A snap election in July 1984, fuelled by the country's immense overseas debt, led to the advent of the fourth New Zealand Labour government – and its focus was money.
Everyone's lives changed in the next three years. Some people prospered, but others suffered as unemployment rose and the state sector shrank. Then came the triple whammy of the stock market crash in 1987.
It was an era of radical social and economic changes within the country with Prime Minister David Lange at the helm. His government inherited a high budget deficit, an over-valued dollar and rocketing inflation.
But Lange's appointment of Roger Douglas as minister of finance promised to set the economy straight when he implemented "new right" reforms.
Douglas said New Zealand would be put on a high-growth path and for a while the country seemed to reinvent itself as a free-market economy.
He brought in policies on deregulation, privatisation, state asset sales, tariffs, and price controls.
The new government's reforms dismantled the centrally organised welfare system and removed farming subsidies.
But the changes caused an onset of purchase panic and newspapers splashed the phrase "Rogernomics". It stuck.
On October 1, 1986, Douglas introduced the Goods and Services Tax Act (GST). This added 10 per cent to the cost of most goods and services.
In the leadup to the imposition of GST cartoonists targeted the tax as a "regressive" move that would hurt the poor.
James Lynch depicted Douglas as Little Red Riding Hood setting out to meet the unions, represented by the Big Bad Wolf, carrying his basket of GST.
"And so little Roger Riding Hood set out through the forest to take the Goods and Services to Parliament House."
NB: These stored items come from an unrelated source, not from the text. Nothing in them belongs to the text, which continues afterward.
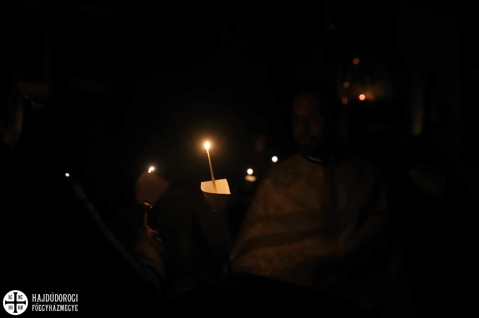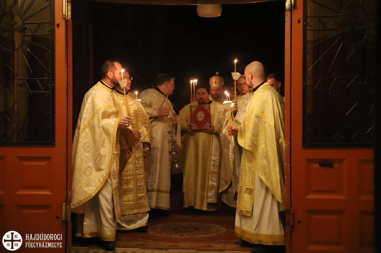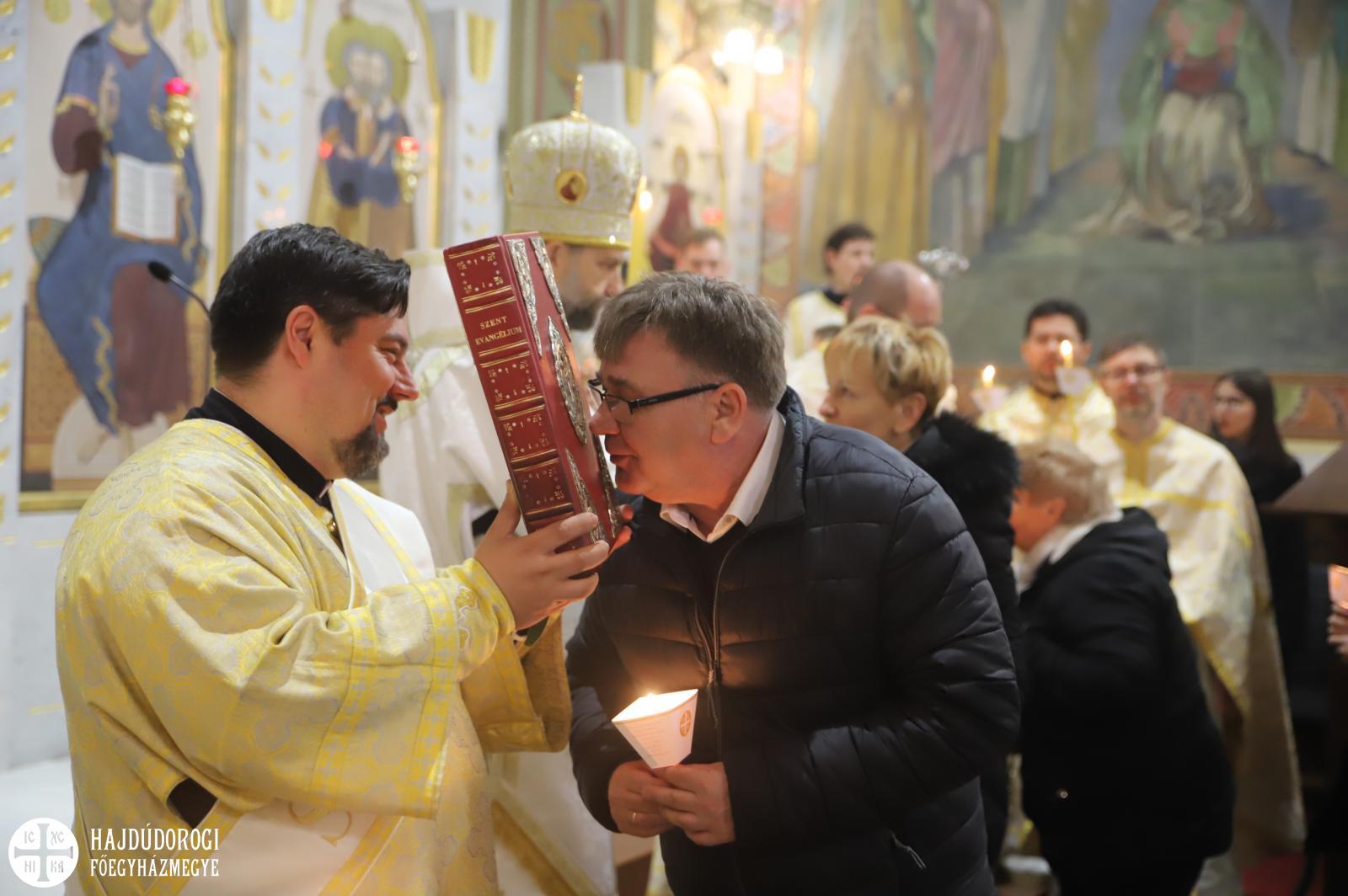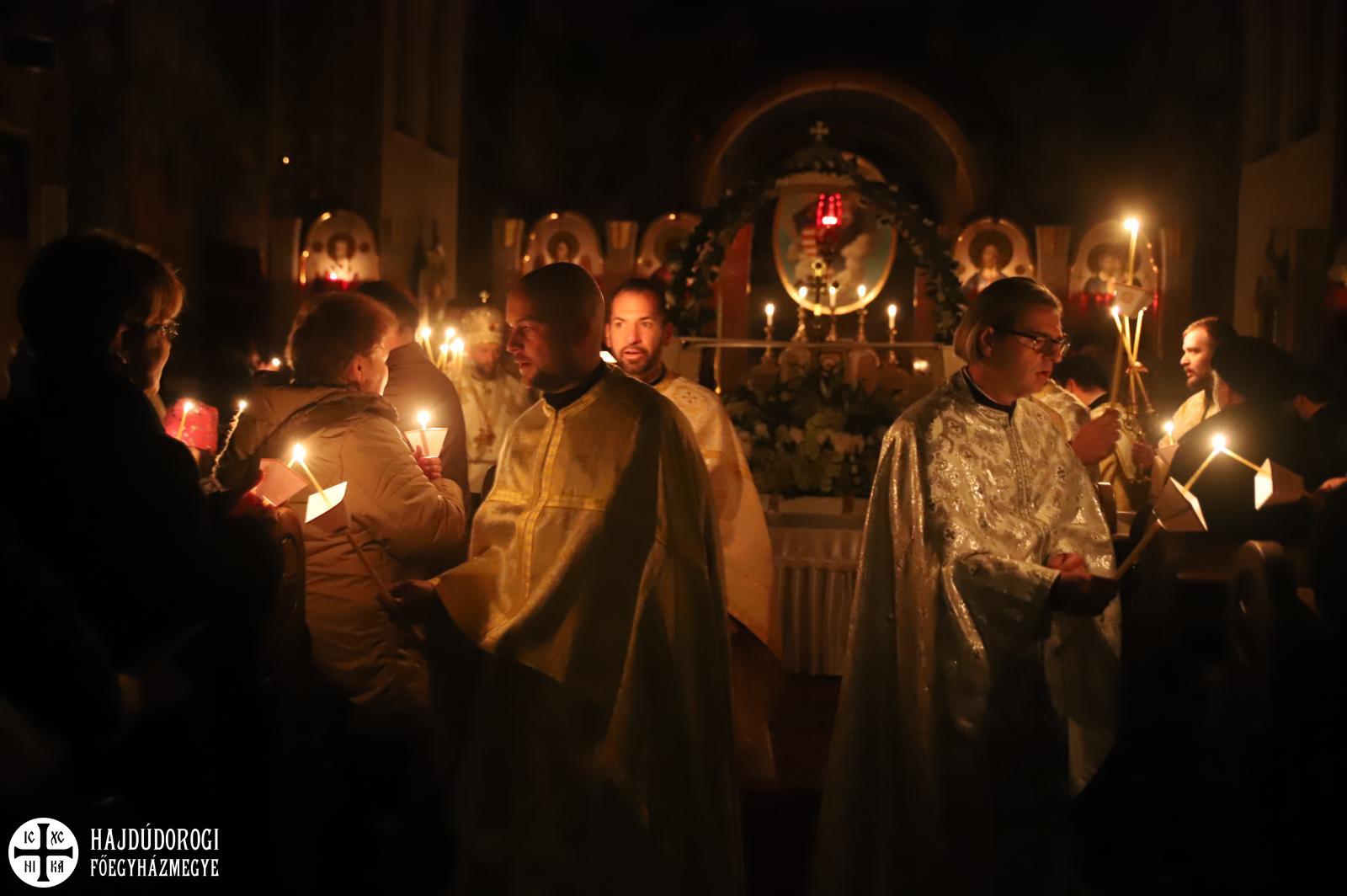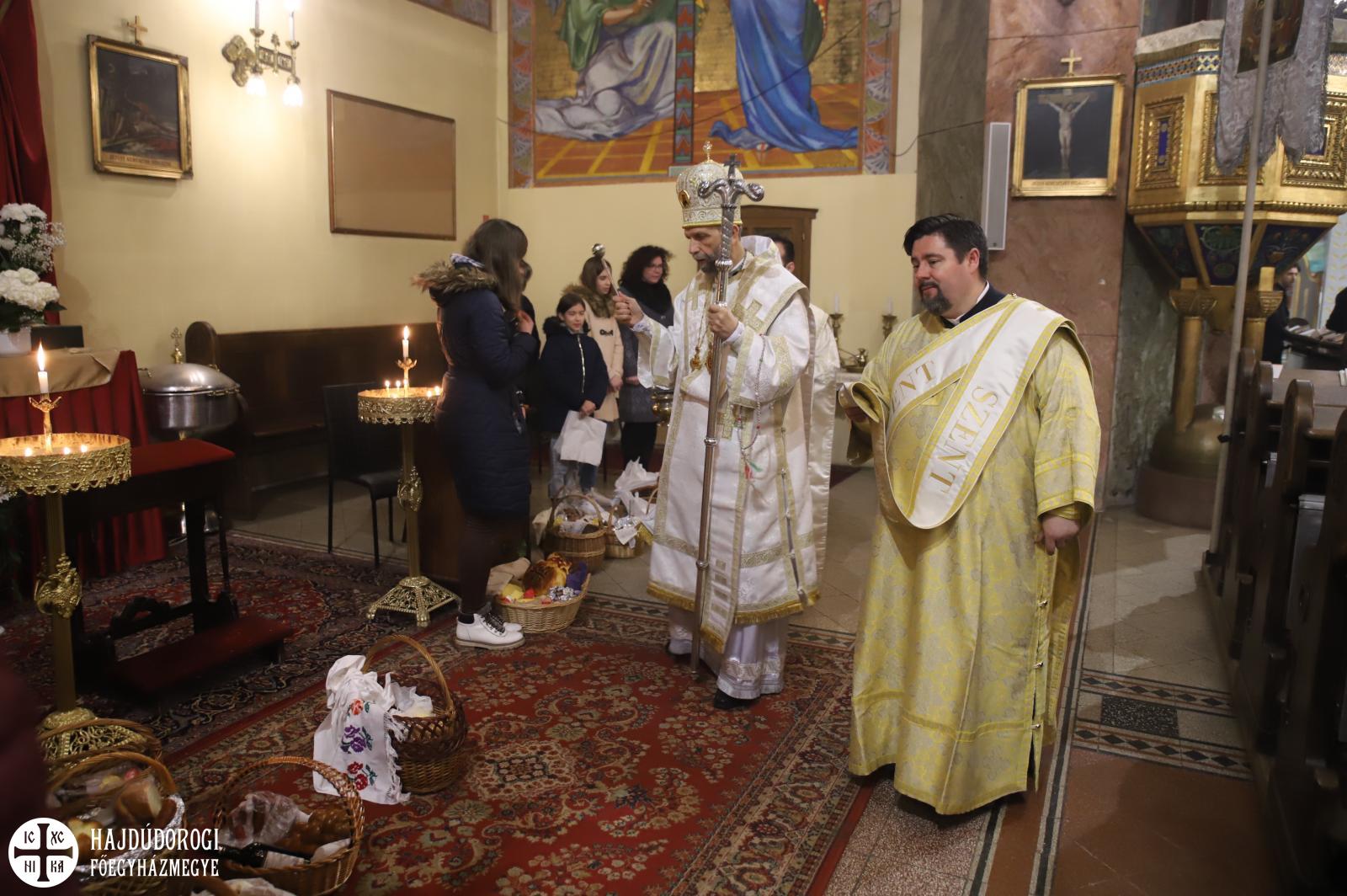 Többször is elhangzott a készületben, hogy ennek a Húsvétnak másnak kell lenni, mint az eddigieknek, ennek a húsvétnak át kell változtatni az életünket, át kell formálnia, nemcsak a mienket, hanem rajtunk keresztül a családunkét, a társadalomét, egész magyar nemzetét, de nem túlzás azt is mondani, hogy az egész világét, hiszen a világ részesei vagyunk mi is. Ha a mi életünk megváltozik, megváltozik tőle a világ is. Idehívott, hogy részesítsen bennünket a föltámadás örömében, idehívott, hogy aztán, amikor útra bocsát bennünket, akkor hirdessük: Föltámadt Krisztus! Így köszöntjük egymást: Föltámadt Krisztus! – ennél nagyobb hír nincsen, ennél többet nem mondhatunk. Mi görögkatolikosok jól tudjuk rá a választ: valóban föltámadt! Az Isten ezzel az örömmel, ünnepléssel mintegy kinyilatkoztatja az ő erejét és hatalmát. Föltámadt Krisztus, valóban föltámadt! Itt van velünk, átalakítja az életünket.
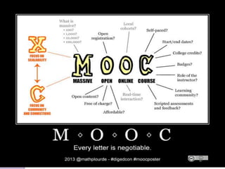 The document discusses MOOCs (Massive Open Online Courses) as a transformative force in higher education, highlighting their ability to provide free access to courses from prestigious universities. It explores the implications for libraries and librarians, emphasizing the need for collaboration, support for MOOC learners, and the development of course-specific guides. The conclusion suggests that embracing MOOCs can enhance librarianship and the quality of library and information science education.
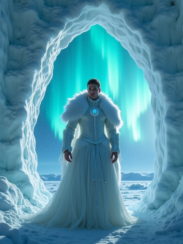 model as an ice king in crystalline armor standing in a frozen fairy palace made of ice and snow with aurora borealis dancing in the background

The script sat above Lange, as Little Red Riding Hood's grandmother. "GST was proving a difficult sell to the unions in particular," Lynch said a year before it arrived. .
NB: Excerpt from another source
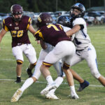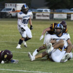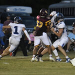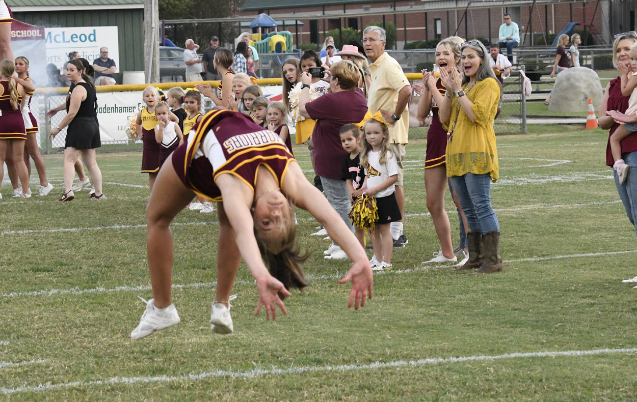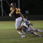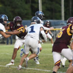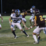 The Lee Academy offense went to work immediately moving the football. #1 carried for 23 yards followed by another 6-yard pickup before a completed pass. The Cavaliers’ #1 rushed for 4 yards and then picked up a first down on the next play. A completed pass to #7 moved the football to Dillon Christian School’s 41-yard line. #1 rushed for 6 yards. On the next play, #32 moved the football to the Warriors’ 21-yard line. From there, #32 carried for 4 yards. The Cavalier’s #4 picked up a first down. With 2:29 remaining in the first quarter, #1 scored a 1-yard touchdown. The PAT was good by #13 to give the visiting Cavaliers a 7-0 lead.
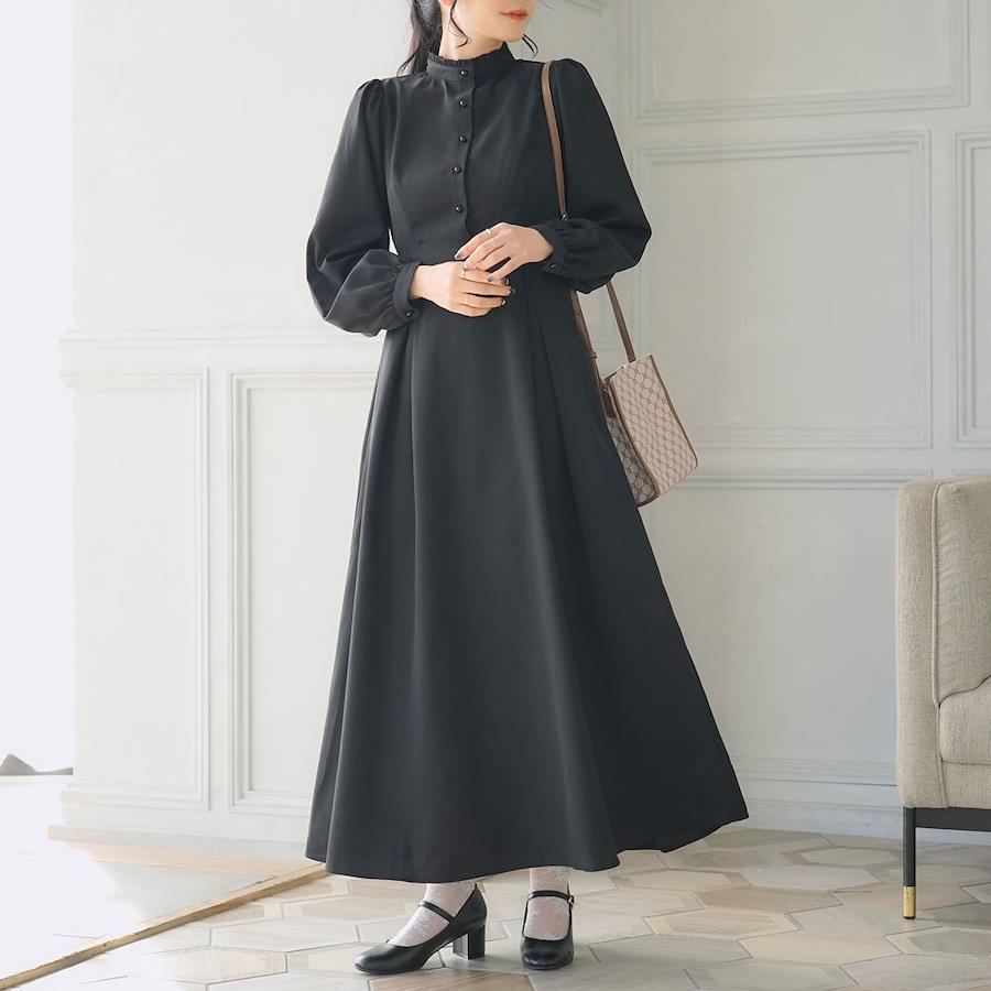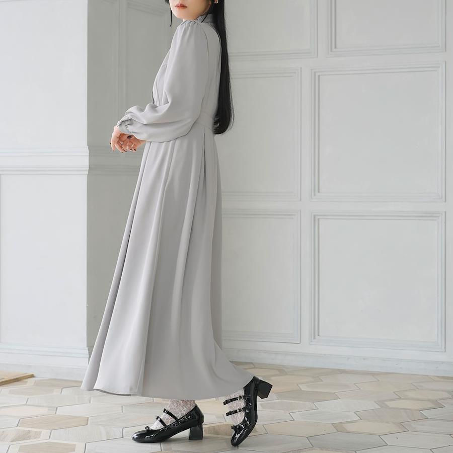 プチフリルをあしらったスタンドカラーが上品なデザイン。

Another cartoonist teased the tax as a bottled "economical cure", a "miracle money saver" sold from a side-show cart.
The masses responded, as thick and as fast as the looming changes, and in September 1986 consumer purchase power increased by an unprecedented $508 million in the retail sector, or 22.9 per cent.
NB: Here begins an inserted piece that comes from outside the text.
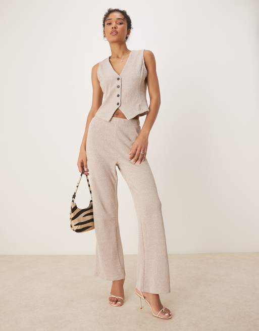 VILA - Pantalon large d'ensemble en jersey texturé - Naturel clair chiné
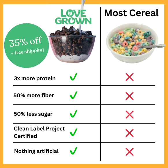 Cereal: Most cereals rely on empty grains like corn, which is low in protein and fiber. Love Grown is different—made with a trio of mighty beans that delivers more protein and fiber to keep you full longer. We wanted to make sure that our cereal still had that great crunch and flavor we love - but we found a way to do it with 50% less sugar and none of the artificial ingredients a lot of cereals rely on. Plus- Love Grown is the only cereal that is Clean Label Project Certified.

In the first month GST was imposed, there was a 27.6 per cent fall that saw the economy take a $752 million hit, excluding GST.
Sales were low through November but increased slightly, by 0.6 per cent, before a $244m recovery in December.
While the Christmas figures were similar to sales in August, it would be the beginning of ongoing financial issues for the government that undermined its stability.
The average person steered away from purchasing high-end and durable goods, which meant purchases on items with longer life-spans quickly dropped.
The furniture industry was significantly affected alongside department stores and retailers that sold household appliances and hardware.
By the March 1987 quarter, however, retail purchase volumes had returned to more normal levels.
As the retail sector took some hits people turned to selling and buying property in the hope of benefiting from capital gains.
New Zealanders also turned their attention to shares, which caused a financial boom. What went up just as quickly came crashing down when stockmarkets around the world came crashing down, starting on October 19,1987. New Zealand's sharemarket fell 60 per cent from its 1987 peak. .
Some investors suffered severe losses in the collapse and divisions formed within the government. Lange fired Douglas in 1988 and resigned as leader the next year.
"For people who don't want the government in their lives … this [Rogernomics] has been a bonanza," Lange said in 1996. "For people who are disabled, limited, resourceless, uneducated, it has been a tragedy."